Three Covers The Small-Town Artist Who Conquered the New Yorker
The New Yorker magazine is known the world over for its iconic cover illustrations. Three of this year's were done by an artist from a tiny village in northern Germany. Birgit Schössow shared her incredible story with SPIEGEL ONLINE.
SPIEGEL ONLINE: The New Yorker is one of the most respected magazines in the world, and every week an illustration adorns the cover. This year your name has already appeared three times. How did this happen?
Schössow: In 2012, Françoise Mouly, art director of the New Yorker, published the book "Blown Covers." It's about the cover ideas that have been rejected and the reasons for it -- maybe because a joke didn't work or an idea was too politically precarious. On a website about the book she asked for sketches for cover topics.
SPIEGEL ONLINE: For the New Yorker?
Schössow: No, not directly. The website had become a little playground. Every week, Françoise Mouly would suggest a topic. For a while I was just an onlooker. After three weeks I thought, "You idiot! You can send something in too."
SPIEGEL ONLINE: How many illustrators participated?
Schössow: About 50. Every week, Mouly selected what she thought were the three best images and published them with all the other works that were submitted to the site. They had to do with the beginning of summer, fashion week, starting school, current events. All the topics that the New Yorker also covers.
SPIEGEL ONLINE: Did you get a response?
Schössow: One day there was an email in my inbox: "We are holding onto one of your suggestions. It is being considered for the cover of the New Yorker." That one was turned down! With the next topic I received another one of these emails. I was more and more motivated and I thought, "Now I want this."
SPIEGEL ONLINE: At the beginning of February, the New Yorker finally featured one of your illustrations: A skier coming down a slope as it seems to tear open behind him, revealing text underneath. How did you come up with such an image?
Schössow: After a while, the "Blown Covers" site was taken down, and I received an email requesting that I continue to send ideas, this time for the New Yorker. Attached was an overview of planned topics and key points for the coming year. On New Year's Eve I sat at my desk trying to come up with a winter-themed idea. Then the idea of the torn magazine came to me. A week later the image had made the shortlist, and finally came the call from Françoise Mouly that the editor-in-chief also liked it. I just stood there, trying in my broken English to come up with any words other than "thank you" and "fantastic."

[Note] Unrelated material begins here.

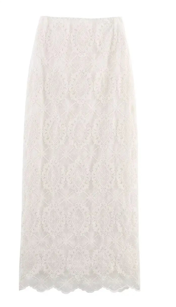 Crafted from woven synthetic fiber with an ultra-soft touch, this set is embroidered with floral motifs that bring a touch of femininity to its casual-cool tone. The mesh fabric offers gentle sheerness, adding texture without compromising comfort. Decorative threadwork elevates the design, while a rear slit adds function and flair for ease of movement. The skirt is fastened with a clean zipper fly, ensuring a smooth, flattering fit.
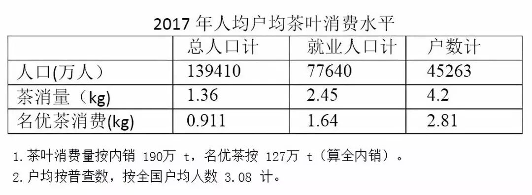 根據(jù) 2017 年的人口數(shù)據(jù)及茶葉內(nèi)銷數(shù)據(jù),可以看出,按總?cè)丝趤硭闳司枞~消費(fèi)量到了 1.36 kg,按就業(yè)人口來算人均已經(jīng)達(dá)到 2.45 kg,按戶均計(jì)算則高達(dá) 4.2 kg。所以說目前的茶葉內(nèi)銷已經(jīng)到了很高的一個(gè)水平,再要繼續(xù)高增長似乎存在一定困難。

SPIEGEL ONLINE: Such a call is like a knightly accolade, right?
Schössow: Yeah, it feels that way.
SPIEGEL ONLINE: You now join the ranks of famous painters and artists like David Hockney and Jean-Jacques Sempé who worked for the New Yorker before you. So far, not many Germans have made it to the cover
Schössow: Christoph Niemann! He lived in New York for a long time, but comes, as far as I know, from Baden-Württemberg. I called him because I needed some information -- a very nice colleague.
SPIEGEL ONLINE: You primarily design covers of books for children and young adults. How is designing a New Yorker cover different?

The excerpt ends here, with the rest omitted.